Bootstrap¶
Formula¶
\[
\hat{\theta}^{*(b)} = s(X^{*(b)}),\quad X^{*(b)}\sim \text{resample with replacement from } X
\]
Parameters¶
- \(s(\cdot)\): statistic
- \(b\): bootstrap replicate index
What it means¶
The bootstrap estimates sampling variability by repeatedly resampling the observed data with replacement.
What it's used for¶
- Confidence intervals, standard errors, and stability checks when analytic formulas are hard.

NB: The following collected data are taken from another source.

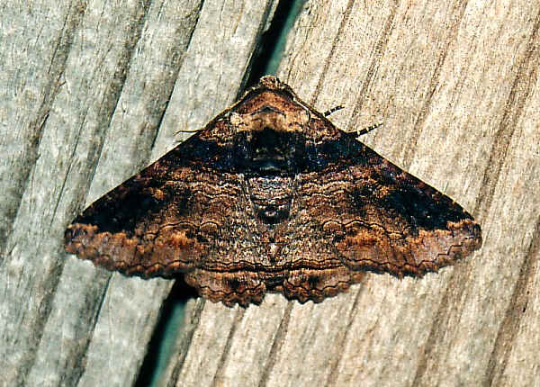 - The moth is brown in colour, with complex pattern of lines and patches. The moth is attracted to window light. We
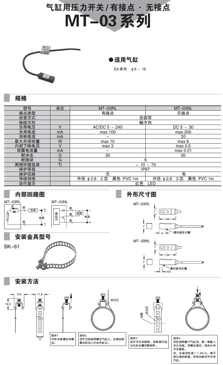 MT-03RL,MT-03NL,氣缸用壓力開關(guān)
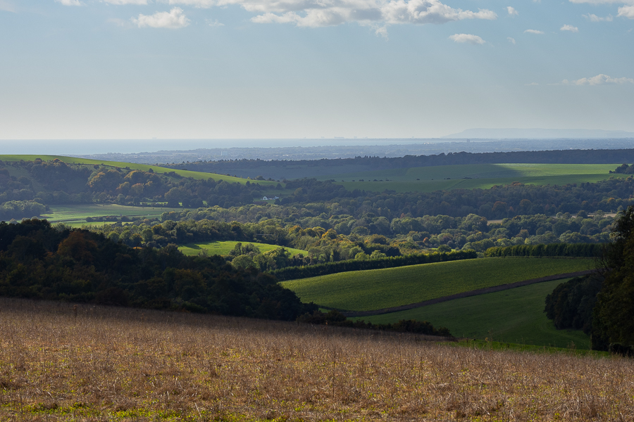 There’s a southern turning to take towards Cissbury Ring and off the South Downs Way. The track leads alongside arable fields and shooting cover. In this view the distant shape of the Isle of Wight is visible in the top right.

- Model performance uncertainty estimates.
Key properties¶
- Nonparametric and broadly applicable.
- Works best when the sample represents the population and observations are appropriately independent.
Common gotchas¶
- Resample the right unit (e.g., user/session/cluster) to match dependence structure.
- Naive bootstrap can fail for heavy dependence/time series.
Example¶
Estimate a 95% CI for median revenue by bootstrapping users 10,000 times.
How to Compute (Pseudocode)¶
Input: dataset, statistic s(.), number of bootstrap resamples B
Output: bootstrap replicates and uncertainty summary
for b from 1 to B:
sample a bootstrap dataset by resampling with replacement
compute theta_star[b] <- s(resampled_data)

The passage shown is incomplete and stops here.